» Data provided:
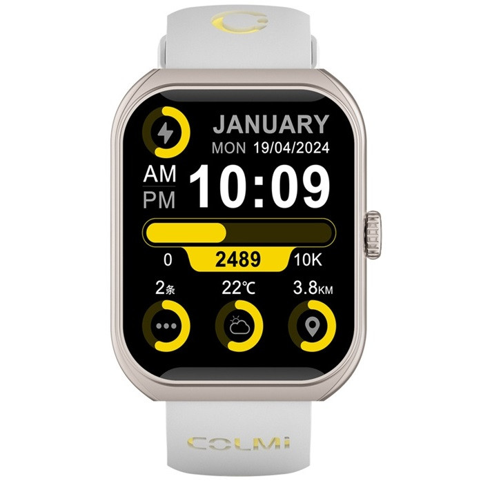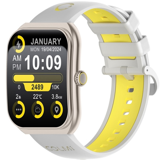 A Colmi P86 egy olyan okosóra, amelyet a kényelem, a mindennapi kényelem és a funkcionalitás jegyében terveztek. Mindössze 40 grammot nyom, így gyakorlatilag észrevehetetlen a csuklón - legyen szó munkáról, edzésről vagy pihenésről. A beépített Always On Display funkcióval a legfontosabb információkhoz a készülék felébresztése nélkül is hozzáférhet, a forgatható oldalsó gomb pedig megkönnyíti a menükben való navigálást.
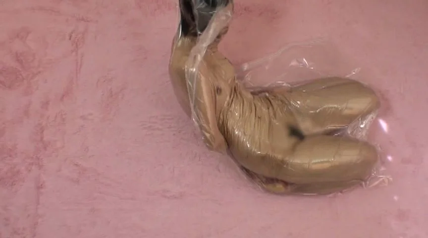 全裸で圧縮袋に入り、空気… 人間真空パック 前屈編
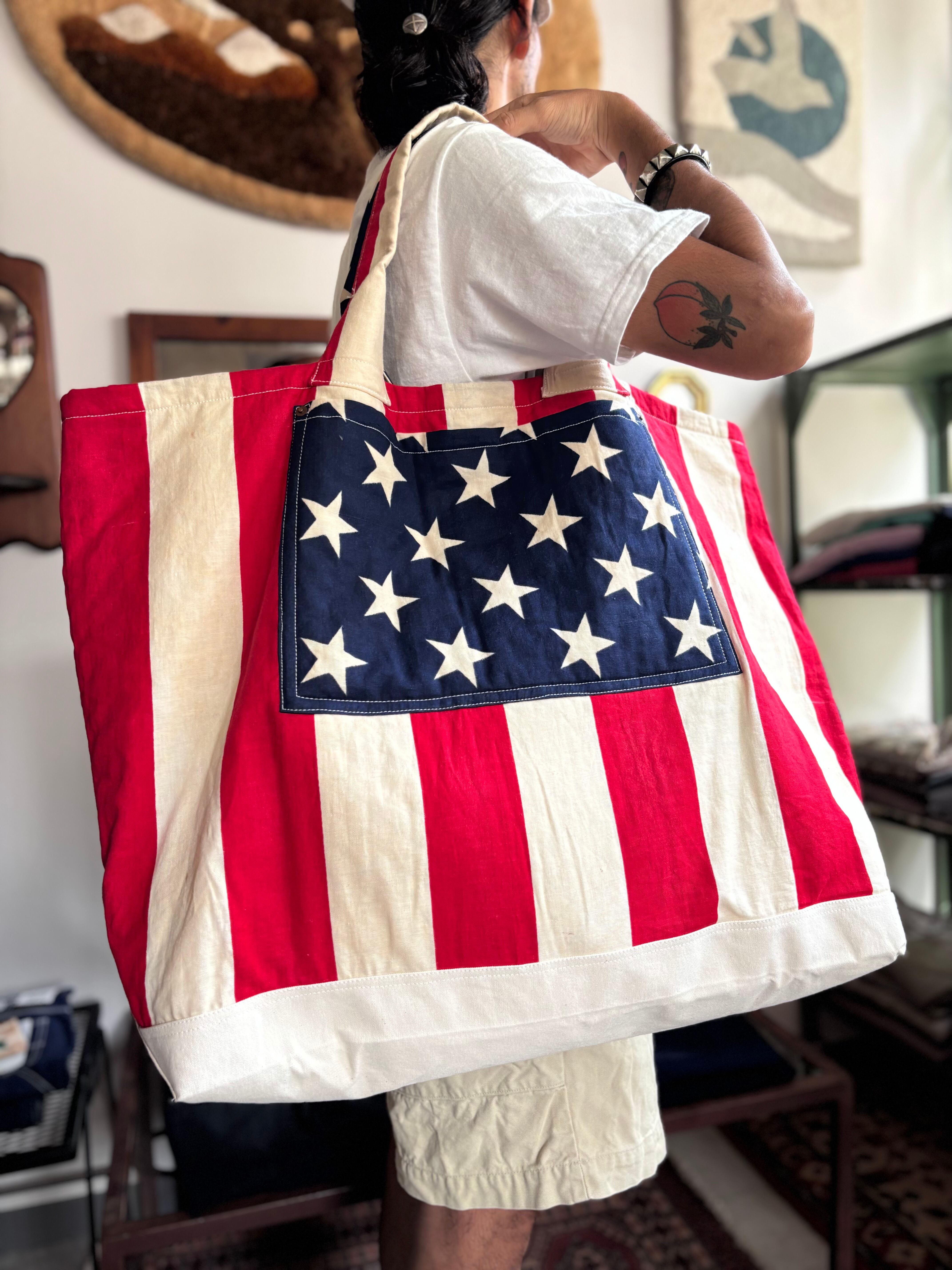 60s のビンテージフラッグを用いたトートバッグ。強度を出すため、ライナーにキルティング、底部にキャンバス生地貼り。バッグ前面と、内部にポケット付き。

» What is required:
Pictures are to be left out, and each line from the one that contains "全裸で圧縮袋に入り、空気… 人間真空パック 前屈編" through the end of the listing is to be copied exactly.

» Response box:
 全裸で圧縮袋に入り、空気… 人間真空パック 前屈編
 60s のビンテージフラッグを用いたトートバッグ。強度を出すため、ライナーにキルティング、底部にキャンバス生地貼り。バッグ前面と、内部にポケット付き。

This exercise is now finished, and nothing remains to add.